Works in Glass
This piece was inspired by the writings of John Muir. I had planned the piece and completed the first layers with this quote;
"Our flesh-and-bone tabernacle seems transparent as glass to the beauty about us, as if truly an inseparable part of it, thrilling with the air and trees, streams and rocks, in the waves of the sun,—a part of all nature, neither old nor young, sick nor well, but immortal.” ; John Muir, My First Summer in the Sierra.
Johns Muir's reverence for nature and his spiritual beliefs are a continual source of inspiration and I intended to reflect that in the piece I planned.
Then a face I was unfamiliar with and an otter appeared, along with a river scene. Not the images I intended. I thought I must have been thinking of Sacajawea when contemplating John Muir's travels through the west.

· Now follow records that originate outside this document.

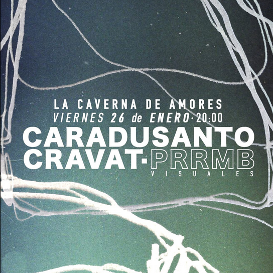 Nos preparamos para una experiencia sonora única con el esperado concierto CaraduSanto y Cravat (socios residentes de Caverna) ofreciendo su particular perspectiva de la música electrónica ambiental. Caradusanto es conocido por sus paisajes sonoros envolventes y la ecléctica de la banda Cravat por ser un engendro luminoso cargado de pop y shoegaze. Acompañados por PRRMB y sus cautivadoras imágenes en movimiento.
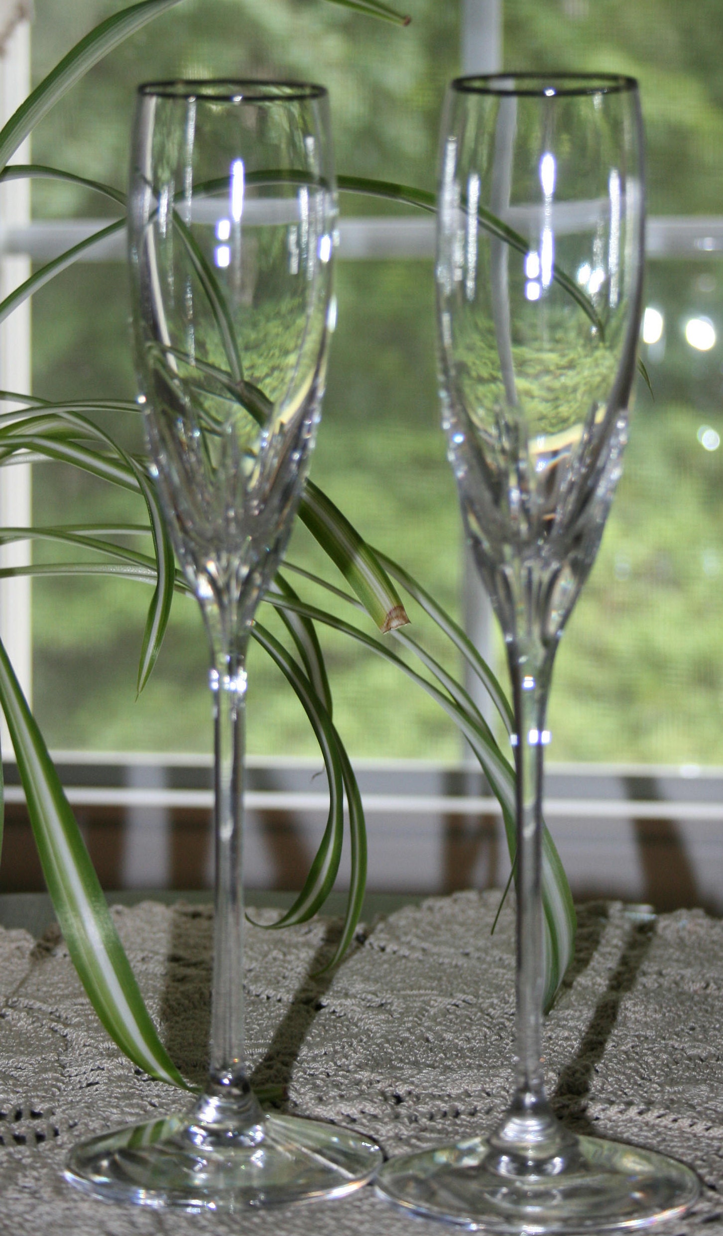 Vintage Lenox Crystal Firelight Platinum Champagne Glass Set of 2 Circa
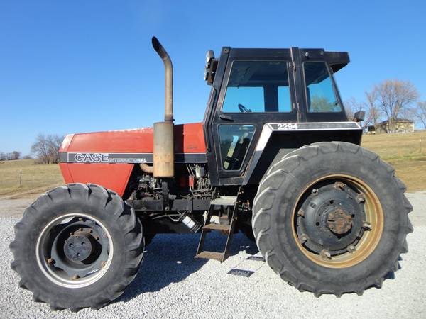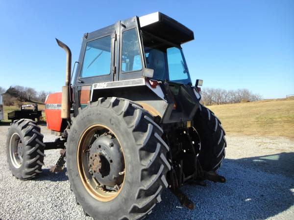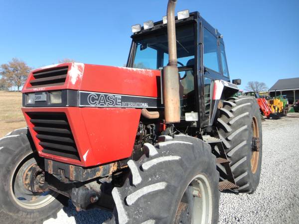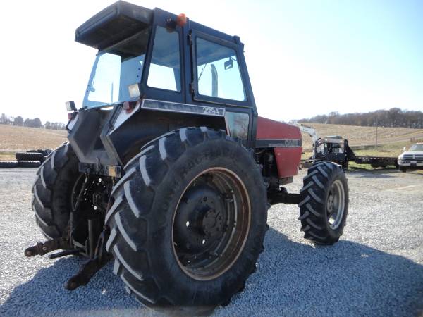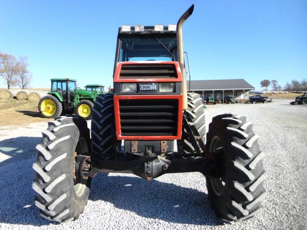 1987 CaseIH 2294 MFWD cab tractor. Starts and runs good. Smokes a little when cold. Has 6 cylinder turbocharged diesel engine. Rated at 154 horsepower. Showing 6,325 hours. Has 12 speed partial powershift transmission. Shifts good. Park works but linkage is worn. 4wd works. Has differential lock, 3 point hitch, 540/1000pto, 3 hydraulic remotes and block heater. Cab is in good condition. Has A/C(updated r134a), heat, radio and air ride seat. Rear tires 18.4x38 at 60% slightly weathered. Front tires 14.9x28 at 80%. $19,500 more tractors at bunsetractorinc.com

Sacajawea was a Lemhi Shoshone woman and an essential member of the expedition to discover routes through the North American West to the Pacific Ocean. The face that had materialized in my studio was certainly that of a beautiful Shoshone woman. ..but where had the otter come from?
As a woman, with daughters and now grand-daughters I was saddened by Sacajawea's story, and in awe of her strength and iron will. Around the age of 12, Sacajawea was captured by Hidatsa Indians, an enemy of the Shoshones. She and another young women were sold to a French-Canadian trapper named Toussaint Charbonneau. He was engaged as a guide for the Lewis and Clark expedition and he brought the young women with him.
The girl with Sacajawea was called Otter Woman. It took quite a bit of research to learn about Otter Woman. She is mentioned only briefly in the journals of Lewis and Clark. I felt deeply for the plight of these young women.
I was very glad to learn that as soon as the party reached Otter Woman's ancestral lands she was able to escape and return to her people. I thought it an incredible story of triumph and bravery and I'm glad she was able to speak through my work.